--- ENTRIES SHOWN Enclosed Below ---

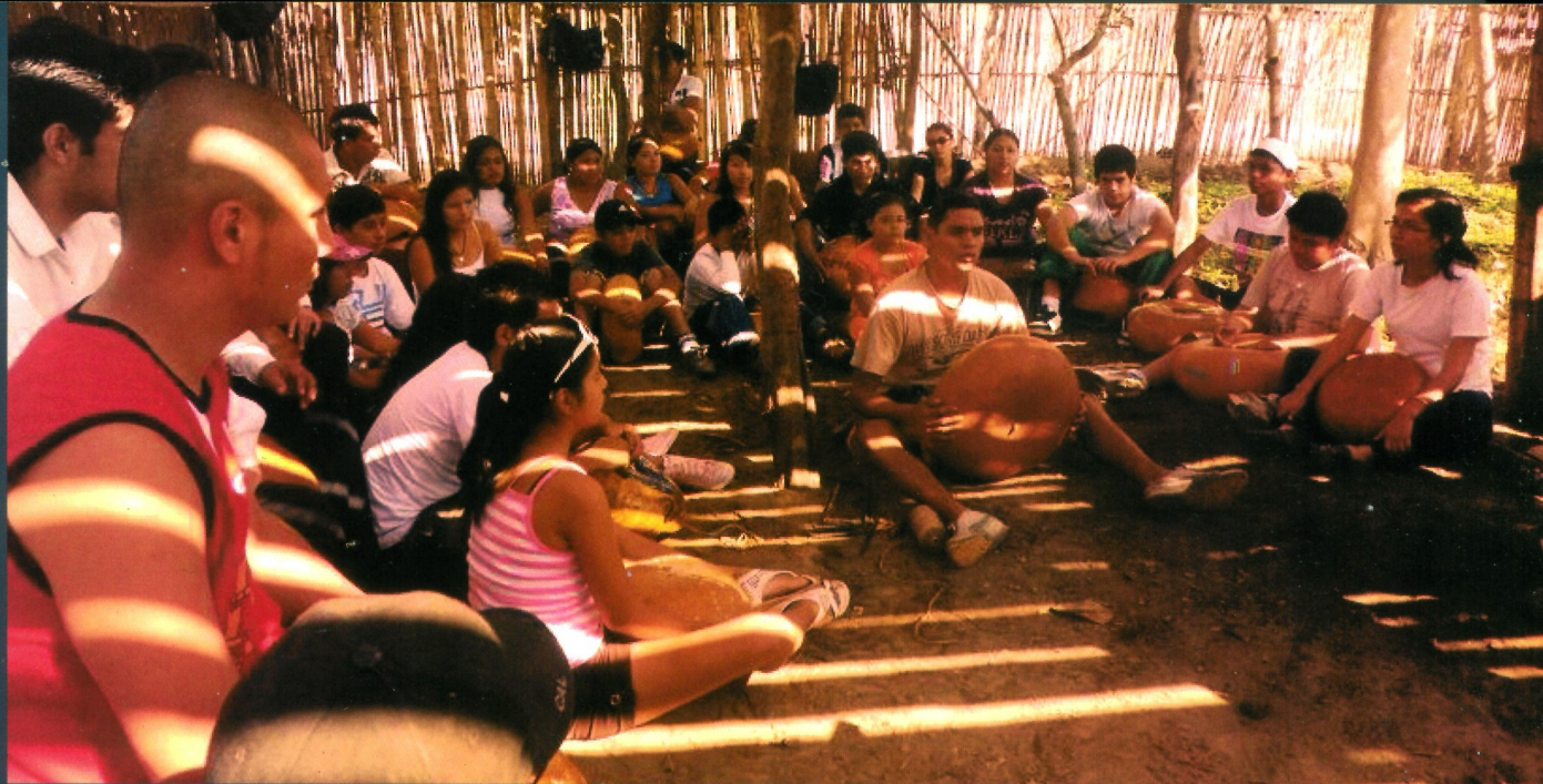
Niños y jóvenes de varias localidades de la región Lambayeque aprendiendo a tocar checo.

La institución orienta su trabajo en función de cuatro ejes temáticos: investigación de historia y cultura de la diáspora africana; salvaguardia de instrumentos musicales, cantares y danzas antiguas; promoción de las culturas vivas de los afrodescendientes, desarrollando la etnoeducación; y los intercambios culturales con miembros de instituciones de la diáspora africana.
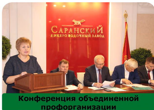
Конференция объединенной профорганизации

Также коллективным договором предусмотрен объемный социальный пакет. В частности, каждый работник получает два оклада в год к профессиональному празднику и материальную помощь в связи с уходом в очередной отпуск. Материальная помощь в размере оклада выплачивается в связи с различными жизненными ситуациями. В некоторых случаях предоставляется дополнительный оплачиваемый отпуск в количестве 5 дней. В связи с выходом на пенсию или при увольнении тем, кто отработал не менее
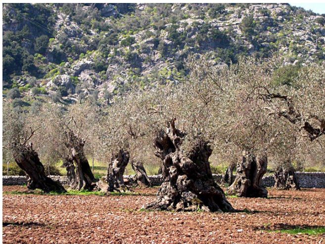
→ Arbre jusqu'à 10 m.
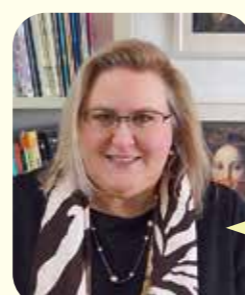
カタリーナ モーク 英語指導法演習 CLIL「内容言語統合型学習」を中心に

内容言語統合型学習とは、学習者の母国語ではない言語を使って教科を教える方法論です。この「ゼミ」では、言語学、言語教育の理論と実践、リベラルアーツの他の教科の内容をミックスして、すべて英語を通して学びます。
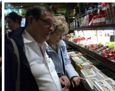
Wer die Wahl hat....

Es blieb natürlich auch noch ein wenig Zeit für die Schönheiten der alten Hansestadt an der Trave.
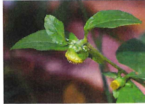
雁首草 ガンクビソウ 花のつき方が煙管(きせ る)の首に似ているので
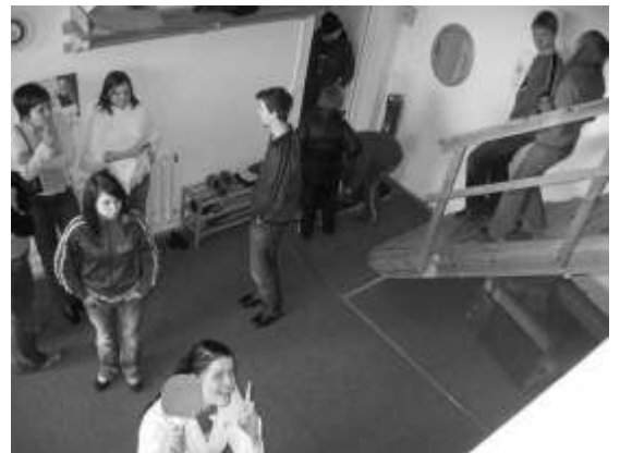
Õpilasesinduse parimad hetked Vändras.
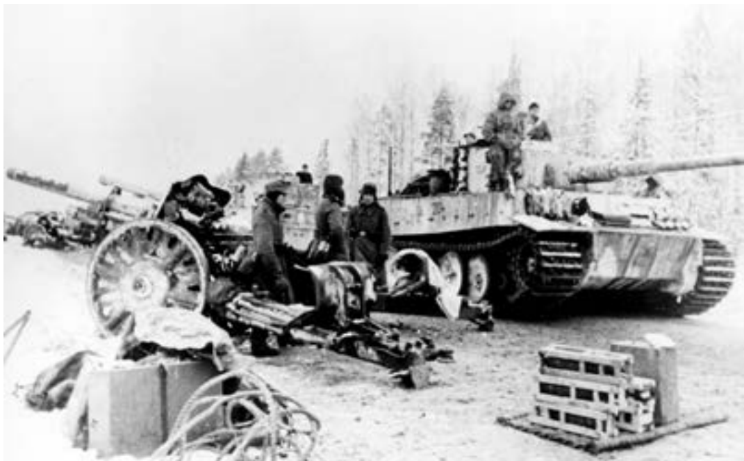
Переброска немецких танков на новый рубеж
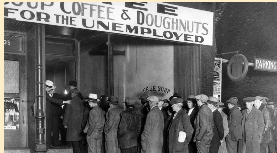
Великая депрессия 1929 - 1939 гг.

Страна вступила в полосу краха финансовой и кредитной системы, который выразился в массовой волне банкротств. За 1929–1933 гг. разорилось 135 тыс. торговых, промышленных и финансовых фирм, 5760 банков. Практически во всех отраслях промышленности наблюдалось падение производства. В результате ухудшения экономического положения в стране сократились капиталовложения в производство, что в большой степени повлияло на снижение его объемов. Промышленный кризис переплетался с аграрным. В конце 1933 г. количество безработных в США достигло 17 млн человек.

--- End of Enclosed ENTRIES SHOWN ---
--- ENTRIES SHOWN Enclosed Below ---

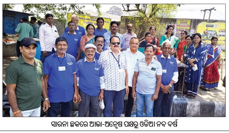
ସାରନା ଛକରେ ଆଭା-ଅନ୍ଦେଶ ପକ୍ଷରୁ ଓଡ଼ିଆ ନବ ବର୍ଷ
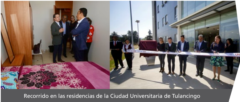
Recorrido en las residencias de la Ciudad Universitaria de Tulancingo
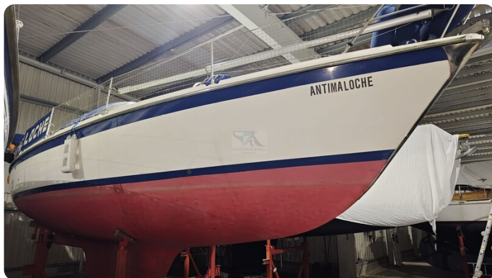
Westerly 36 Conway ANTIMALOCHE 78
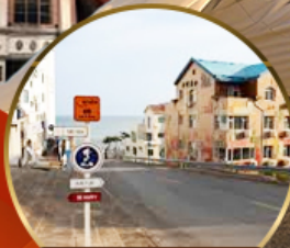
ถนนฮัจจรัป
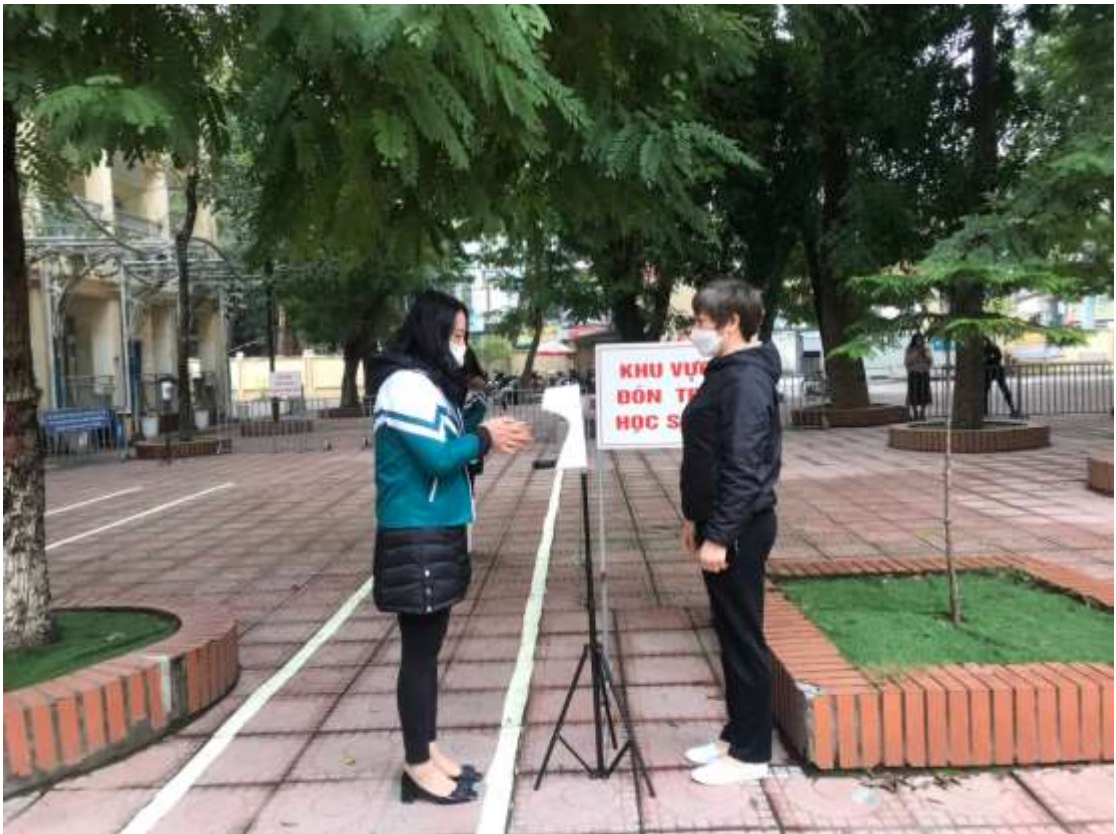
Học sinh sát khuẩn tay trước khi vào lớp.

--- End of Enclosed ENTRIES SHOWN ---

DIRECTIONS – Nothing but the lines above from the one that has "Es blieb natürlich" down to the one that has "Великая депрессия 1929 - 1939 гг." belongs in the answer, copied exactly, without pictures.

THE COMPLETED TASK –
Es blieb natürlich auch noch ein wenig Zeit für die Schönheiten der alten Hansestadt an der Trave.
雁首草 ガンクビソウ 花のつき方が煙管(きせ る)の首に似ているので
Õpilasesinduse parimad hetked Vändras.
Переброска немецких танков на новый рубеж
Великая депрессия 1929 - 1939 гг.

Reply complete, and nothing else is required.